━━━━━ DATASET RECORDS ━━━━━

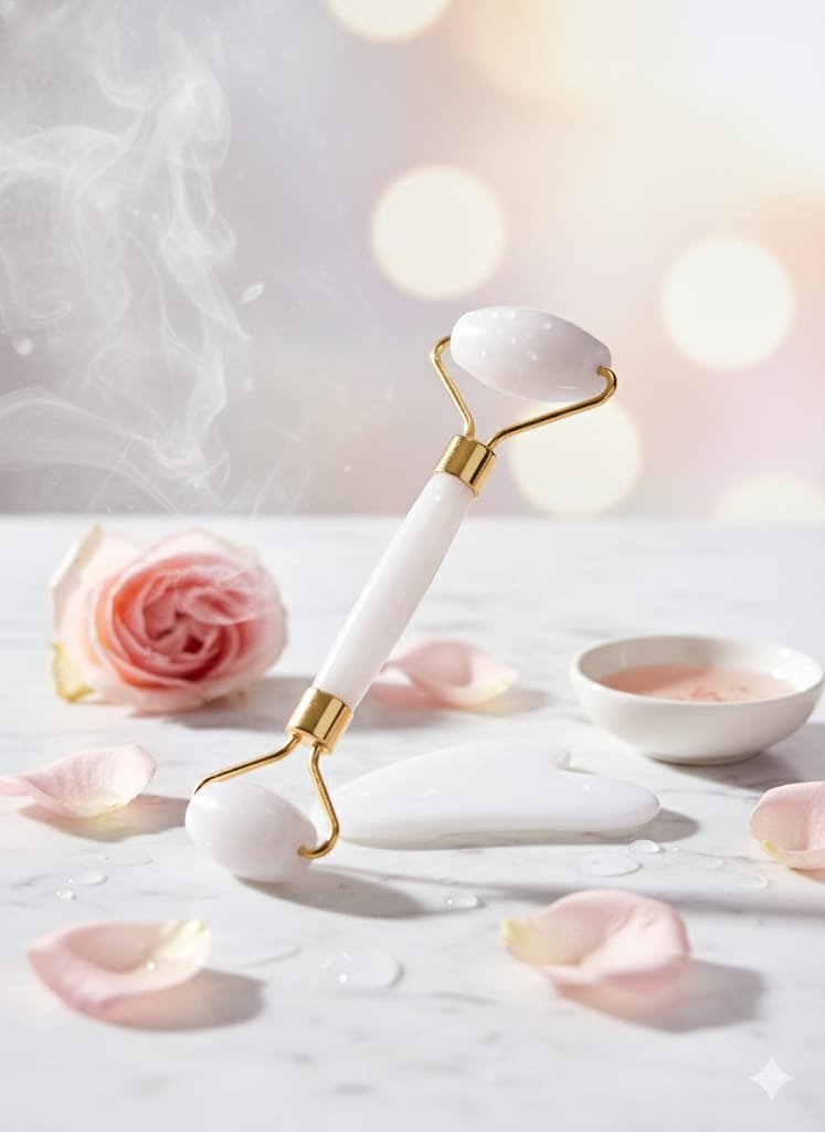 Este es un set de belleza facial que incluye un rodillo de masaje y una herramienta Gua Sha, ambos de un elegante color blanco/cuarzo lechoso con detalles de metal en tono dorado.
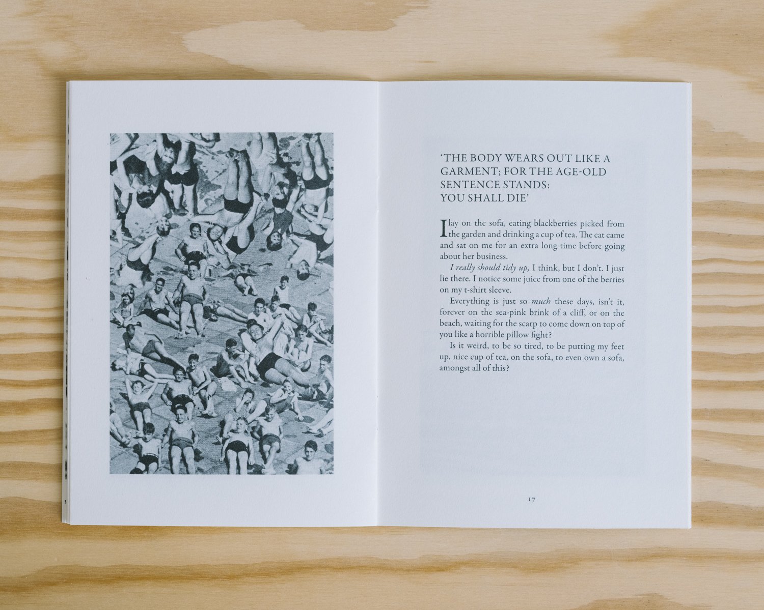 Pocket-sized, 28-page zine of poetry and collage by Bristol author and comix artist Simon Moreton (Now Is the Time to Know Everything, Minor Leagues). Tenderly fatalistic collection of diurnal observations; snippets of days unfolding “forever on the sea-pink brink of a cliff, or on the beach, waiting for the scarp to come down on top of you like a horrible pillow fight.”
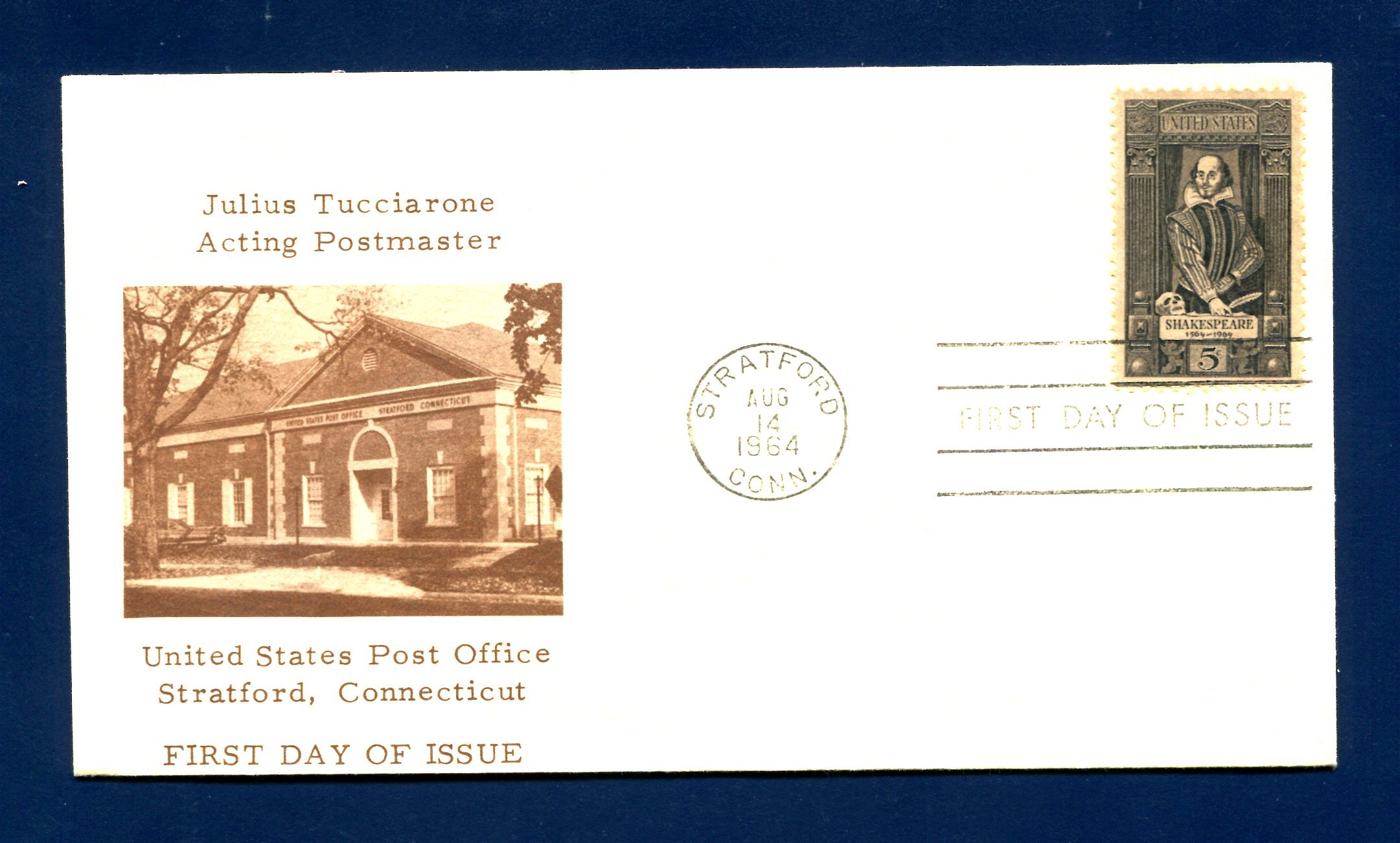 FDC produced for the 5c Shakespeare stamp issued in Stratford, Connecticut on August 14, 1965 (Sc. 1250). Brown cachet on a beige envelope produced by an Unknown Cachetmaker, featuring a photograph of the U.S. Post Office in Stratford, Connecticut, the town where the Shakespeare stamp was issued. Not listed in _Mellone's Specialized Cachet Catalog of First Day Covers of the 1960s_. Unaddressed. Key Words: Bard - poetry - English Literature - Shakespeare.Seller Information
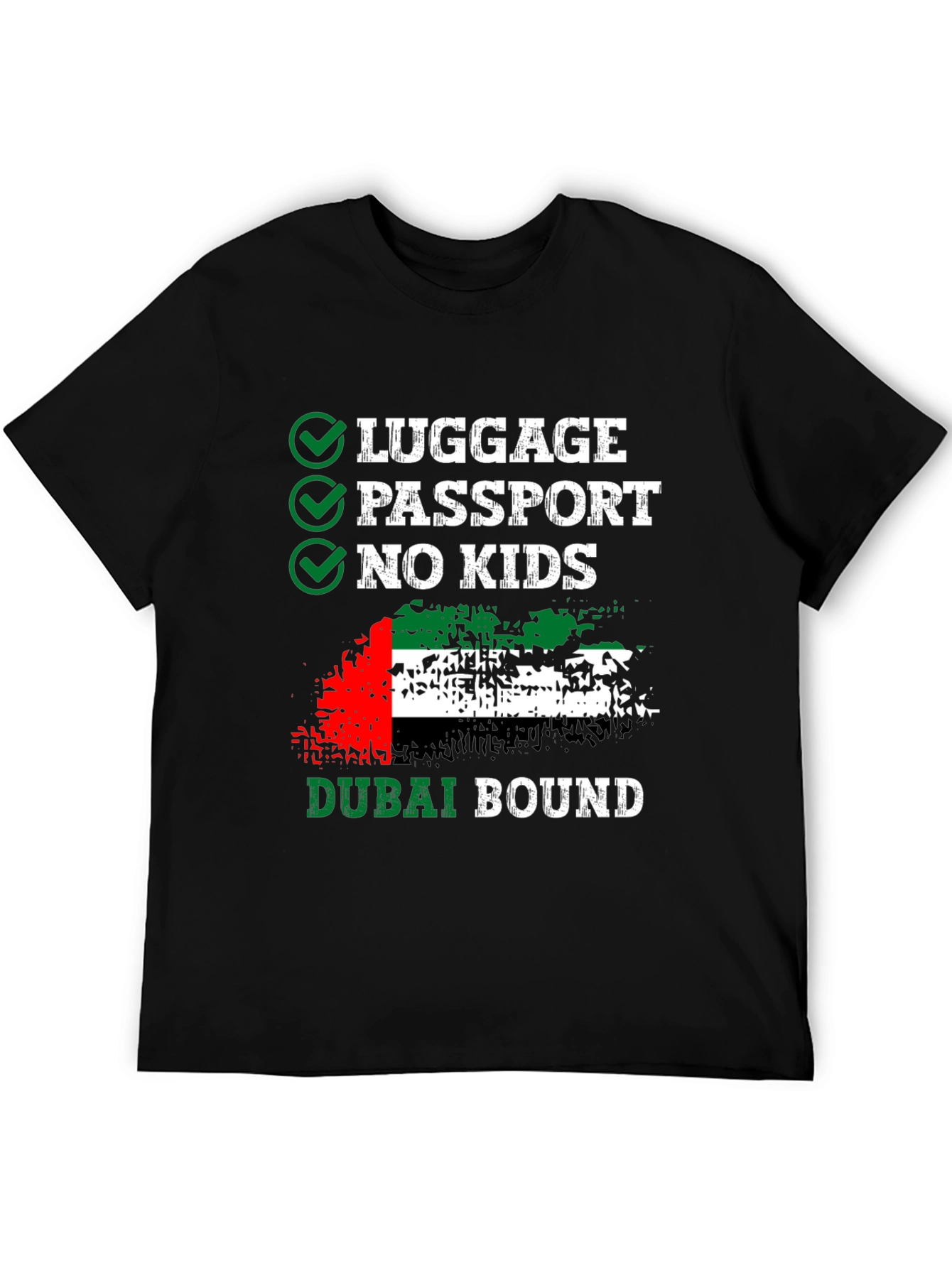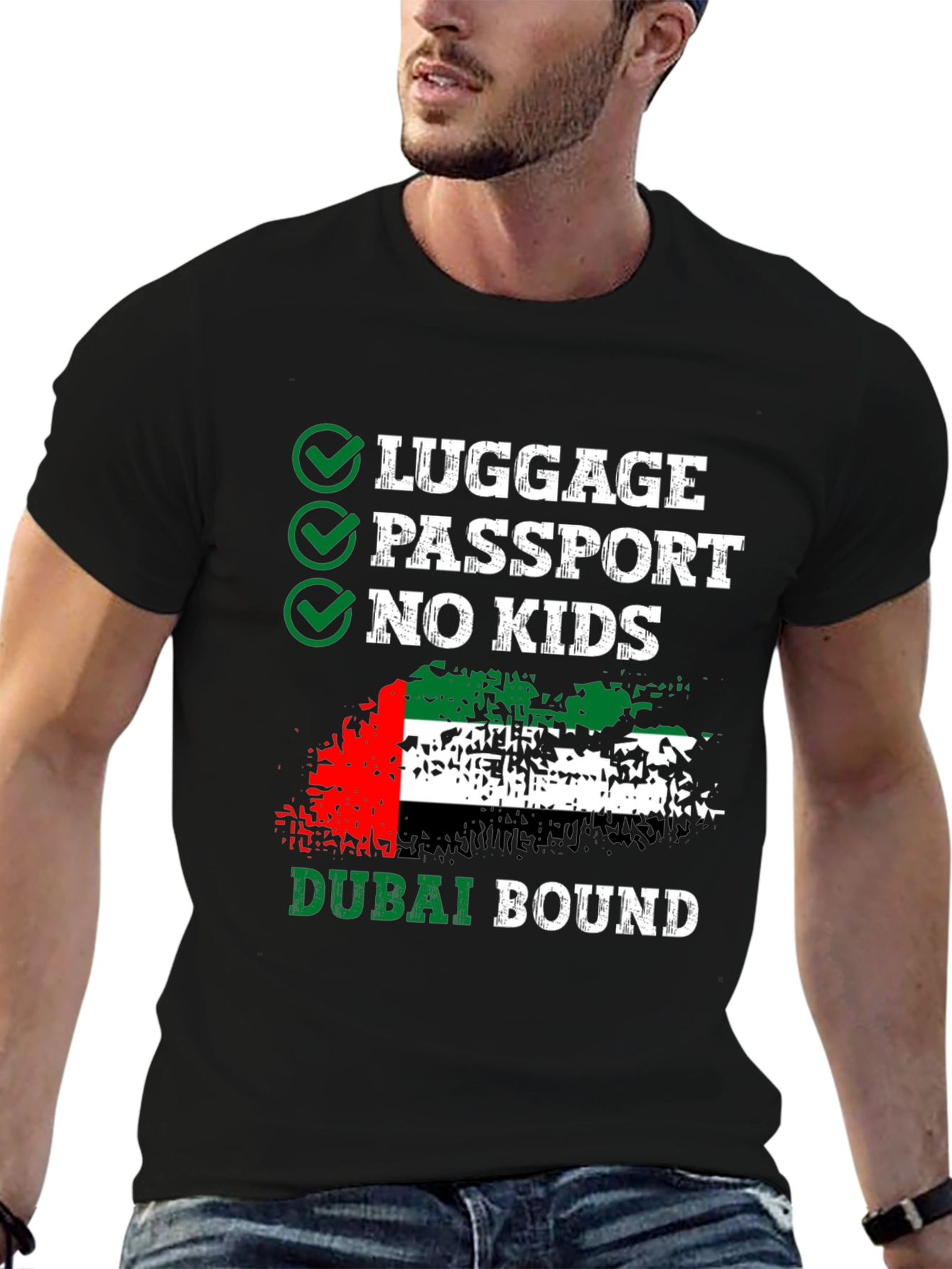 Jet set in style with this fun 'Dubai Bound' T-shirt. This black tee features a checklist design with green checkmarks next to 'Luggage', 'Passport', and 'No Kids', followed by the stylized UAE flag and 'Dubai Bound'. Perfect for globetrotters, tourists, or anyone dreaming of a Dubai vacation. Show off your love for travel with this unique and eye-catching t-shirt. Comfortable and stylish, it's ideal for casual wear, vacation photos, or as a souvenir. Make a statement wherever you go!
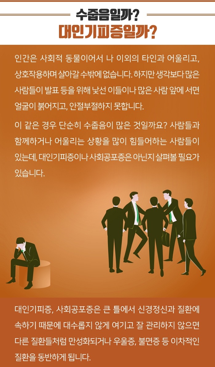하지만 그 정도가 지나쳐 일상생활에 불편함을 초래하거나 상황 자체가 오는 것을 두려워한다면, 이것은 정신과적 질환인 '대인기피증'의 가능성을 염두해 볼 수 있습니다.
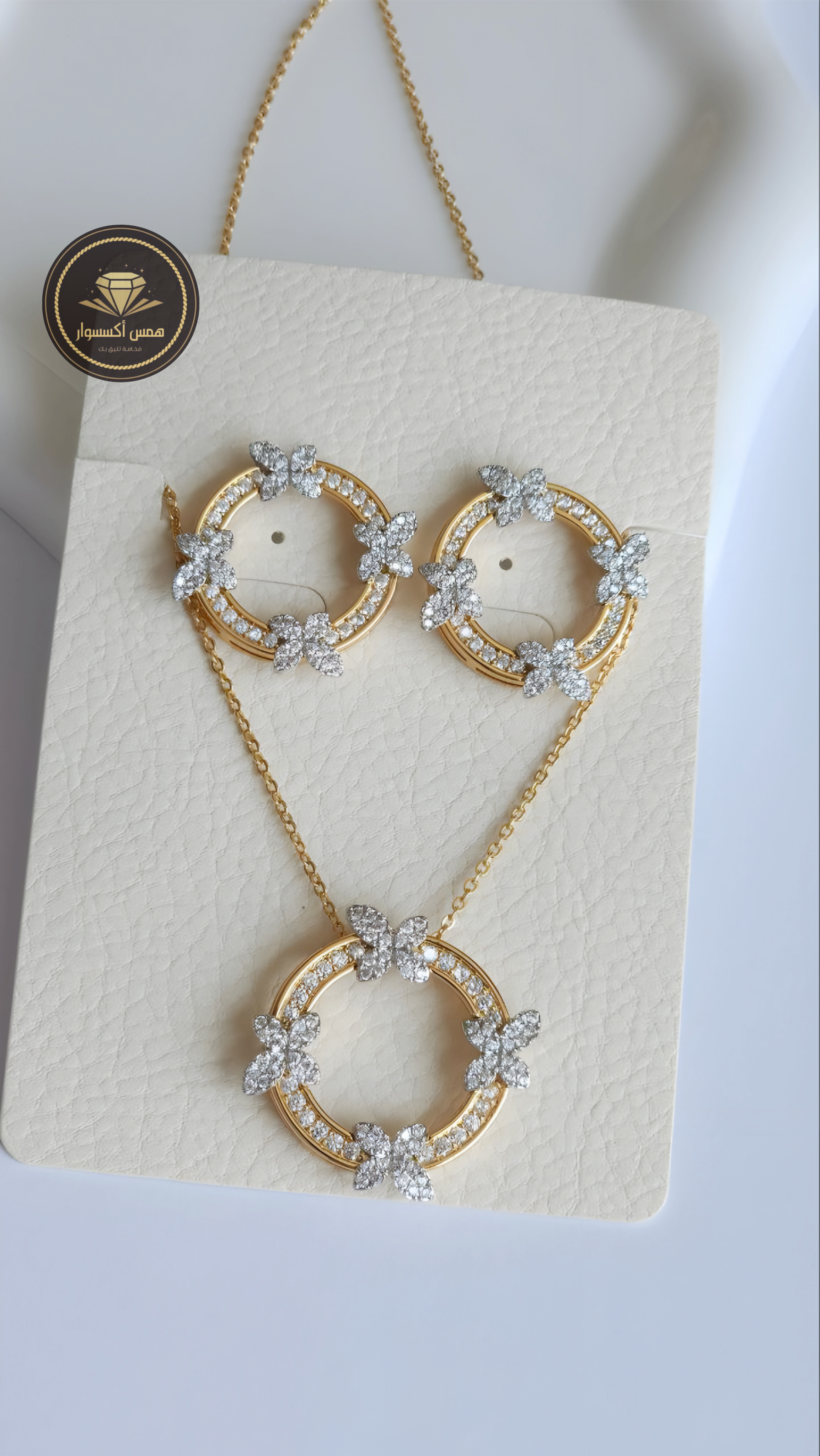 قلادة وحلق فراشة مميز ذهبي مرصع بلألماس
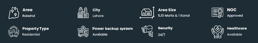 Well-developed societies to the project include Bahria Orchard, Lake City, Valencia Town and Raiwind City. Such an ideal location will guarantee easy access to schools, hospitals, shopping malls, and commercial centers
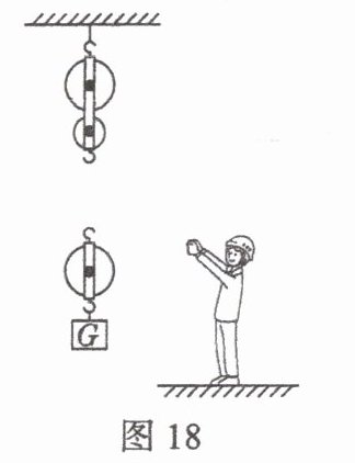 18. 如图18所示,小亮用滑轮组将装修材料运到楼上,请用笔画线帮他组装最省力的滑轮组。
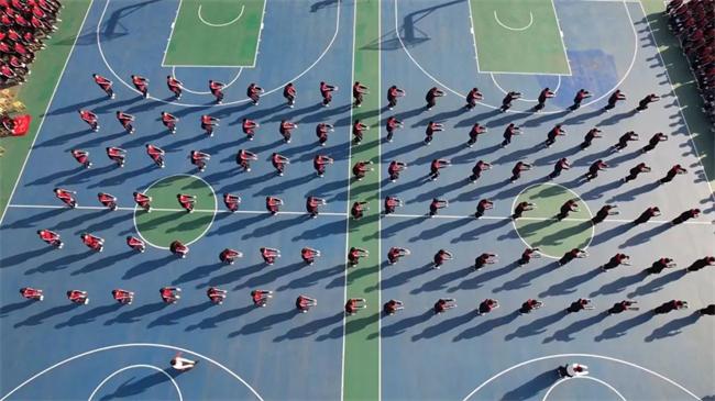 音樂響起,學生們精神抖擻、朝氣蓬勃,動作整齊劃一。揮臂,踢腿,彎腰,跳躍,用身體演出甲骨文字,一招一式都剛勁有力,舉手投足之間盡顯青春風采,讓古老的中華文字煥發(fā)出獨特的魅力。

━━━━━

## EXERCISE DETAILS
Your task is to return the lines above, from the first one up to and including the line containing "FDC produced for", minus any pictures.

## SOLUTION TO THE EXERCISE
 Este es un set de belleza facial que incluye un rodillo de masaje y una herramienta Gua Sha, ambos de un elegante color blanco/cuarzo lechoso con detalles de metal en tono dorado.
 Pocket-sized, 28-page zine of poetry and collage by Bristol author and comix artist Simon Moreton (Now Is the Time to Know Everything, Minor Leagues). Tenderly fatalistic collection of diurnal observations; snippets of days unfolding “forever on the sea-pink brink of a cliff, or on the beach, waiting for the scarp to come down on top of you like a horrible pillow fight.”
 FDC produced for the 5c Shakespeare stamp issued in Stratford, Connecticut on August 14, 1965 (Sc. 1250). Brown cachet on a beige envelope produced by an Unknown Cachetmaker, featuring a photograph of the U.S. Post Office in Stratford, Connecticut, the town where the Shakespeare stamp was issued. Not listed in _Mellone's Specialized Cachet Catalog of First Day Covers of the 1960s_. Unaddressed. Key Words: Bard - poetry - English Literature - Shakespeare.Seller Information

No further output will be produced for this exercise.